Let $X\sim Uni[0,1]$. Then define $X_n= \frac{\lfloor 2^n X\rfloor}{2^n}$. I want to show that this is uniformly distributed on $A=\{\frac{k}{2^n}: 0\leq k<2^n\}$ for all $n\geq 1$.
My Idea was the following. Let me remark that $$\frac{2^nX-1}{2^n}< \frac{\lfloor 2^n X\rfloor}{2^n}\leq \frac{2^nX}{2^n}$$then as $n\rightarrow \infty$ we get $$\frac{\lfloor 2^n X\rfloor}{2^n}\rightarrow X$$ Then for all $x\in A$ we have that $F_{X_n}(x)=\Bbb{P}\left( \frac{\lfloor 2^n X\rfloor}{2^n}\leq x\right)\rightarrow \Bbb{P}(X\leq x)$ using Fubini/Tonelli. So by portmanteau theorem we get $X_n\rightarrow X$ in distribution and hence $X_n$ has the uniform distribution.
Is this true or what am I doing wrong?
Best Answer
This seems much harder than it needs to be though.

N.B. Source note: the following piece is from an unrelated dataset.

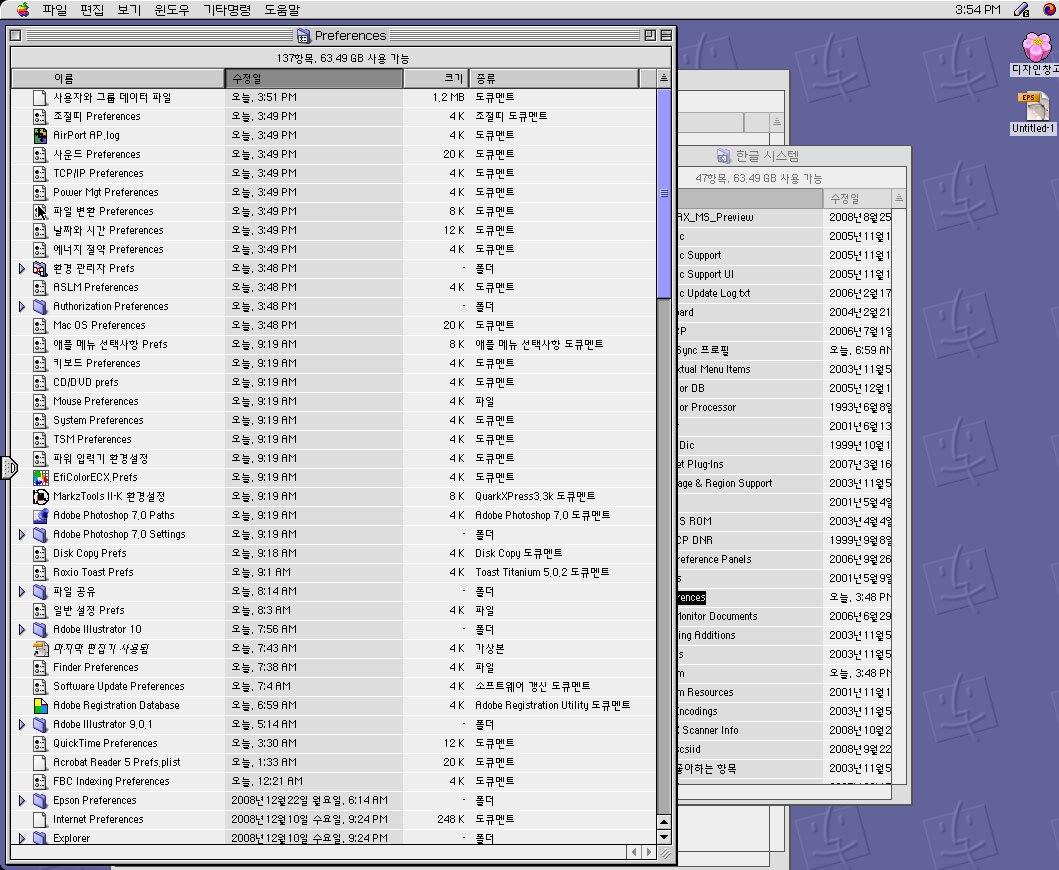 emoticon_096 한글시스템>프리퍼런스 폴더에 있는 파일들은 보이는 아이콘 모양은 정상입니다.

Let us define $$X_n = 2^n \times \frac{\lfloor 2^n X \rfloor}{2^n}.$$ Then $X_n$ is clearly integral; the numerator $2^n \times \lfloor X \rfloor$ is both integral and is clearly an integral multiple of the denominator $2^n$. Furthermore, $X_n$ must be nonnegative [lest $X$ is negative], and it must be less than $2^n$ with probability $1$ [lest $X \ge 1$, note that as $X$ is uniformly distributed on $[0,1]$, that $X=1$ with probability $0$, and $X$ cannot be larger than $1$.] So the support of $X_n$ is $A_n =\{0,1,2,\ldots, 2^n-1\}$.
So now we show that $X_n$ is uniformly distributed on $A_n$. It is clear [due to the fact that $X$ is uniformly distributed on $[0,1]$] that, for each integer $n$ [no need to take limits], and each $k \in A_n = \{0 \le k < 2^n\}$, the following equation holds:
$$\mathbb{P}[X_n = k] = \mathbb{P}\Big[X \in \Big[\frac{k}{2^n},\frac{k+1}{2^n}\Big)\Big]$$ $$= \frac{(k+1)-k}{2^n} = \frac{1}{2^n},$$ where the "$=$" on the second line follows from the fact that $X$ is uniformly distributed on $[0,1]$. Then this gives $X_n$ uniformly distributed on $A_n$; indeed, for all $k \in A_n$, the probability that $X_n$ is $k$ is the same, namely $\frac{1}{2^n}$.